Korean Unexamined Patent Publication No. 2013-0001627 discloses a method of extracting sugar by pretreatment of brown algae with an imidazolium-based ionic liquid, followed by hydrolysis with a liquid acid catalyst. Although the yield was higher than when only the liquid acid catalyst was used, there is a disadvantage in that a step of neutralizing the liquid acid content to 10 to 30 wt% of the algal content is required.

Republic of Korea Patent No. 1254662 discloses a method for producing a high glucose-containing glycosylated solution from the net and algae biomass using a catalyst. This patent obtains high concentrations of monosaccharides directly from enzymatic hydrolysis or chemical hydrolysis from algae without special pretreatment, but as a catalyst for hydrolysis, liquid acids such as sulfuric acid, nitric acid, hydrochloric acid, or liquids such as sodium hydroxide and potassium hydroxide. The use of bases has the disadvantage of requiring additional neutralization steps.

Korean Patent Laid-Open Publication No. 2009-0039470 discloses a saccharification method of woody biomass using an acid catalyst and a supercritical water. Although this patent uses supercritical water to shorten the glycosylation time very short. The liquid acid catalyst requires additional neutralization and has a disadvantage in that the separation process is complicated during supercritical water regeneration.

Accordingly, the present inventors have made diligent efforts to solve the above problems, but using a solid acid catalyst that can be recovered and reused after the reaction, so that there is no necessity of a subsequent process of neutralization and desalting to compensate for the insufficient saccharification performance of the solid acid. By using a trace amount of the liquid acid as an auxiliary catalyst, it was confirmed that the saccharification efficiency was remarkably improved, and the present invention was completed. As a result, a method of improving the economic efficiency of the saccharification process has been developed through higher saccharification efficiency than the case of using a solid acid catalyst and a liquid acid catalyst alone, and at the same time, the cost of subsequent neutralization and desalination processes is reduced.

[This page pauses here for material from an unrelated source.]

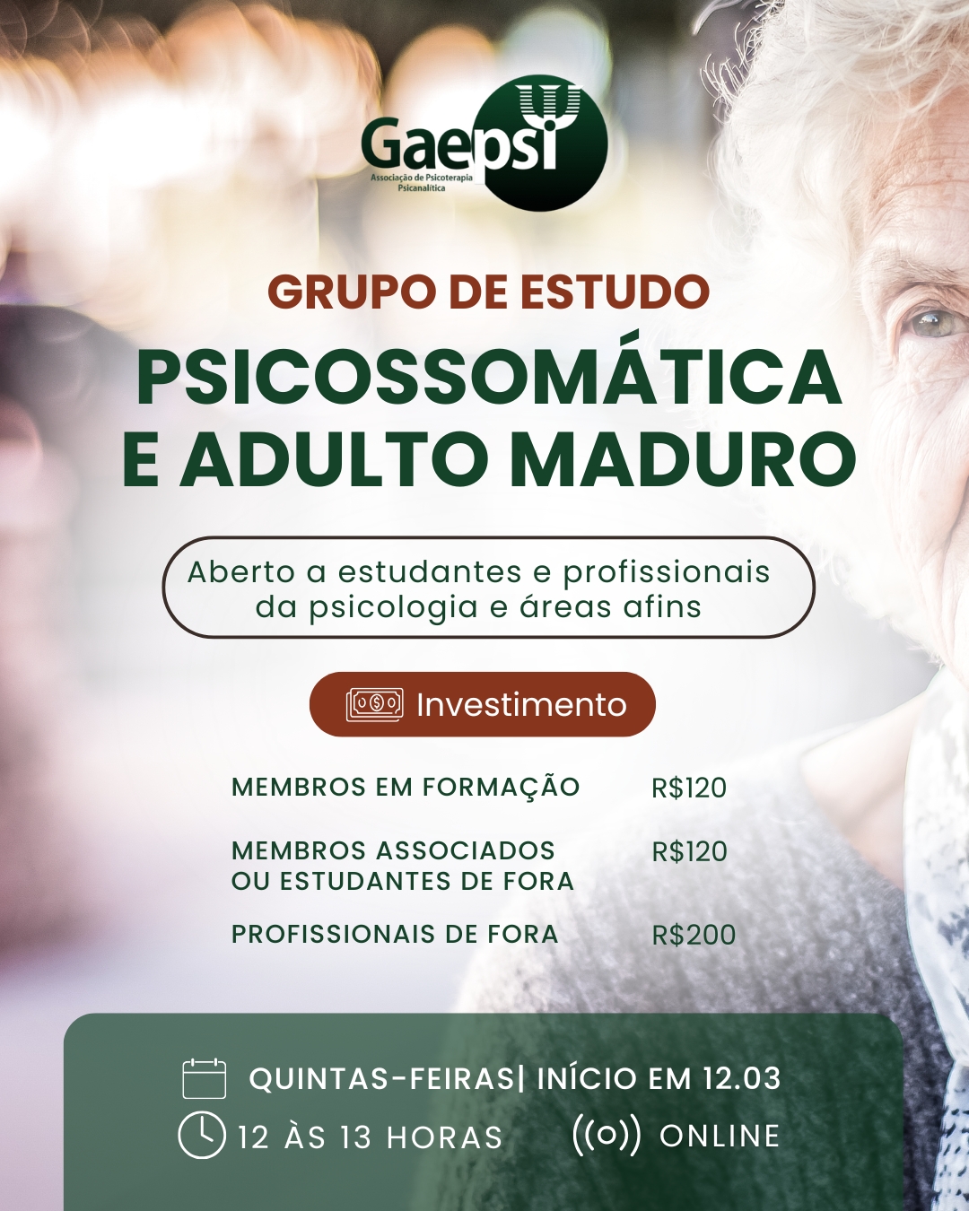 Estão abertas as inscrições para o Grupo de Estudo: Psicossomática e Adulto Maduro, promovido pelo Gaepsi – Associação de Psicoterapia Psicanalítica.
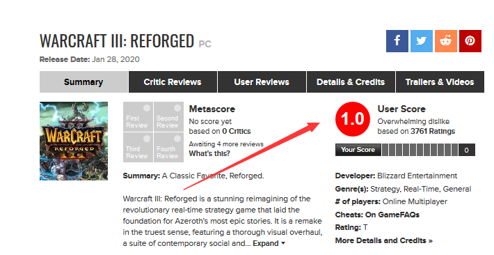 由于星际1重制的不火先例,作为重度魔兽粉,小编关于《魔兽争霸3重制版》一向充溢忧虑。不过没想到的是,新版于1月29日正式上线之后,比各种料想的成果都要更差,画质缩水、bug成堆、偷工减料,乃至暴雪各种迷之操作(强升BN版别、新版地图产权声明),都让人不能满足。随同而来,是各方论坛的炸锅与海量的退款请求,现在在国外闻名的评分渠道metacritic上,重制版的评分已跌至1.0分(10分制),创暴雪游戏前史最低。

The above information described in this Background section is only for improving the understanding of the background of the present invention, and therefore does not include information that forms a prior art known to those of ordinary skill in the art. You may not.

발명의 요약Summary of the Invention

SUMMARY OF THE INVENTION An object of the present invention is to provide a saccharification method of biomass, which has a saccharification efficiency and economy at the same time by using a solid acid as a main catalyst and a trace liquid as a cocatalyst.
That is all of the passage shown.